On May 19, The Santa Barbara City College (SBCC) Foundation held a delightful Garden Party for its major individual donors, who make up its President’s Circle, at the lovely Hope Ranch home of Board President-Elect Scott Vincent and his wife, Rachil Vincent.
Guests mingled on the terrace while enjoying libations from Seasons Catering and guitar music by Tony Ybarra. During the program, SBCC Interim President Dr. Helen Benjamin shared how an exciting part of her new job is having one of the country’s most outstanding foundations supporting the college. She expressed her gratitude to the donors for enabling students who otherwise would not be able to attend SBCC to obtain an education and lauded them for recognizing the importance of having an educated populace.
SBCC student Ana Zepeda also shared her gratitude to donors. After taking a break, Zapata returned to SBCC last year as a single mom in the SPARC Program (Single Parents Arriving Ready for College). With enthusiasm, she related how SPARC gave her amazing tools and resources to succeed in college, including how to advocate for herself and her children and to “not settle for mediocre.” Zepeda has excelled in her classes and taken advantage of tutoring when needed. Through EOPS (Extended Opportunities Program and Services) and SPARC Program, she has connected with the nonprofits Freedom for Youth and Youth Interactive, which allow her, she related, to contribute back to the community that has helped her so much.
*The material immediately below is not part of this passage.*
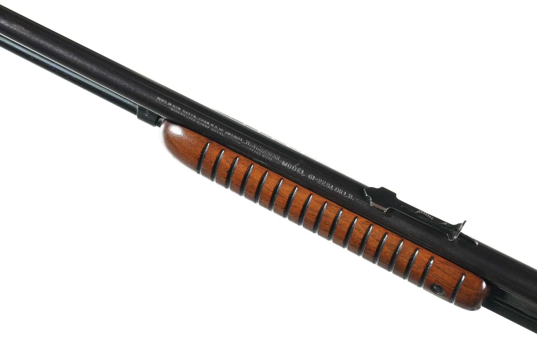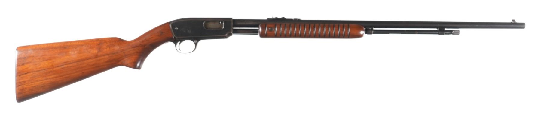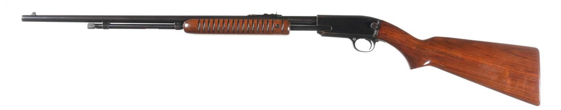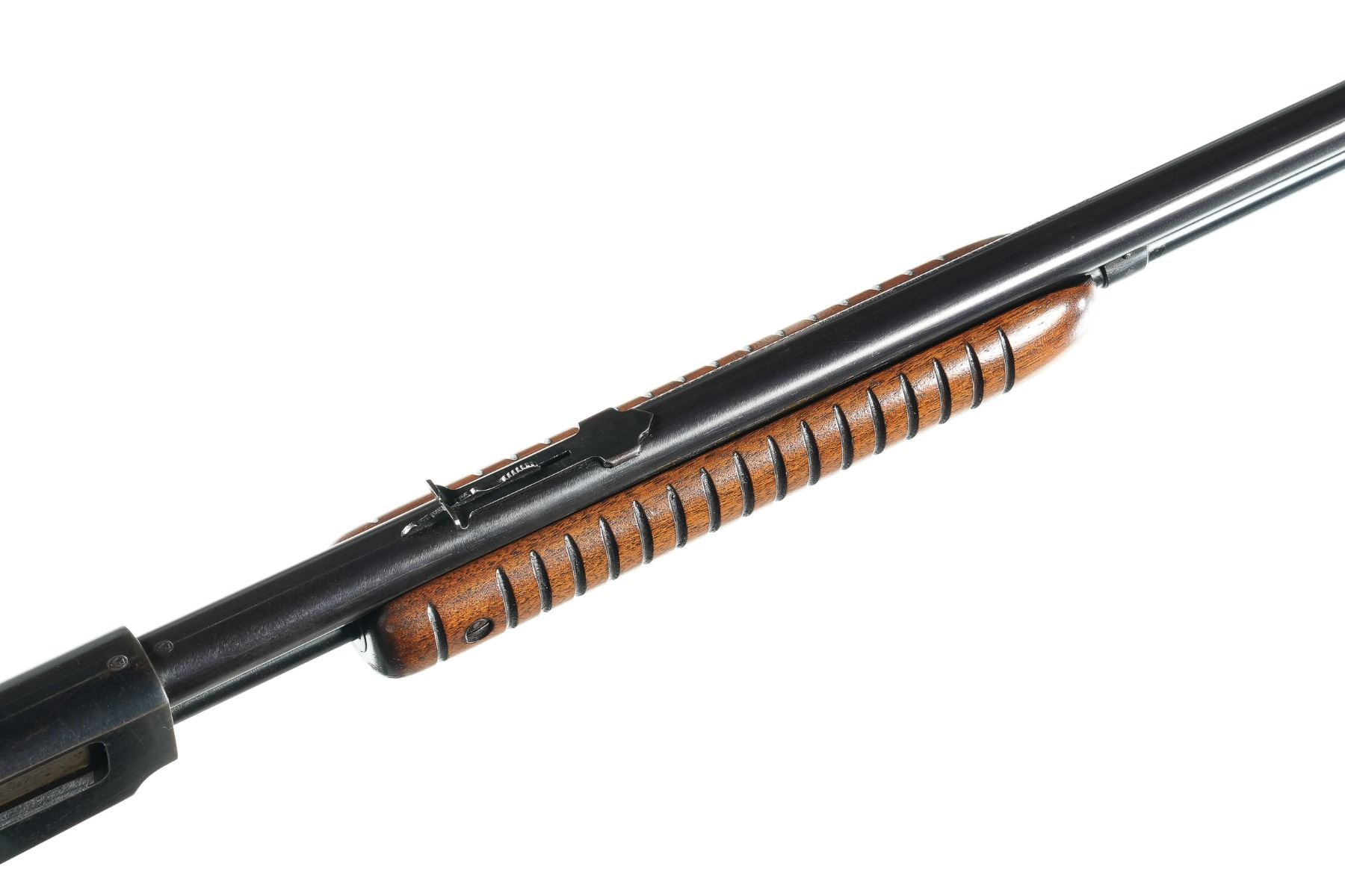 .22 sllr Serial # 145129 1950. Winchester model 61 22 SLLR pump rifle with polished blue finish. Varnished wood stocks and checkered steel butt plate. Fine bore with over 90% blue finish with spotting. Mechanically fine. Good stocks. Barrel 24" C&R

Upon graduating from SBCC, Zapata hopes to continue her studies at Westmont College.
SBCC Foundation CEO Geoff Green related how he is frequently asked by his counterparts at other community colleges how SBCC has excelled and his reply is the investment of private dollars and the development of community partnerships. Green shared that while the foundation is active in many areas and pursuing some new partnerships, its main focus is making the Promise Program sustainable and more robust. Launched in 2016 and entirely privately funded, Promise covers all required fees, books and supplies of any student who has just completed secondary education in the Gaviota to Carpinteria area.
The state of California has long covered the tuition of low-income students through the Board of Governors Fee Waiver program (now the CA College Promise Grant), but according to Green, tuition accounts for only about 20 percent of the costs students face. The Promise Program’s coverage of pricey textbooks, fees, and supplies allows college to be an option for many low-income students who otherwise could not attend. While in recent years, Promise programs have been initiated at many colleges, SBCC’s program stands out because of its comprehensiveness – covering all required fees, books and supplies, its robustness — covering two full years, and its inclusiveness — it is not restricted based on secondary school performance. SBCC does require that students enroll full-time, participate in academic counseling, and remain in good academic standing. As of May 8, there were 1,631 students enrolled in the program and more than 3,000 have participated since inception.
Last year, the foundation distributed more than $5.3 million: $2.2 million for the Promise program, $1 million in scholarships, $1.6 million to college programs, and $700,000 in disaster recovery assistance. Programs supported include SPARC, a six-week summer bridge program for single parent students, CARE (Coordinated Agencies Resources for Education) also serving single parent students, EOPS, serving financially and academically underprepared students, Veterans Support Program, and Guardian Scholars Program, serving foster youth.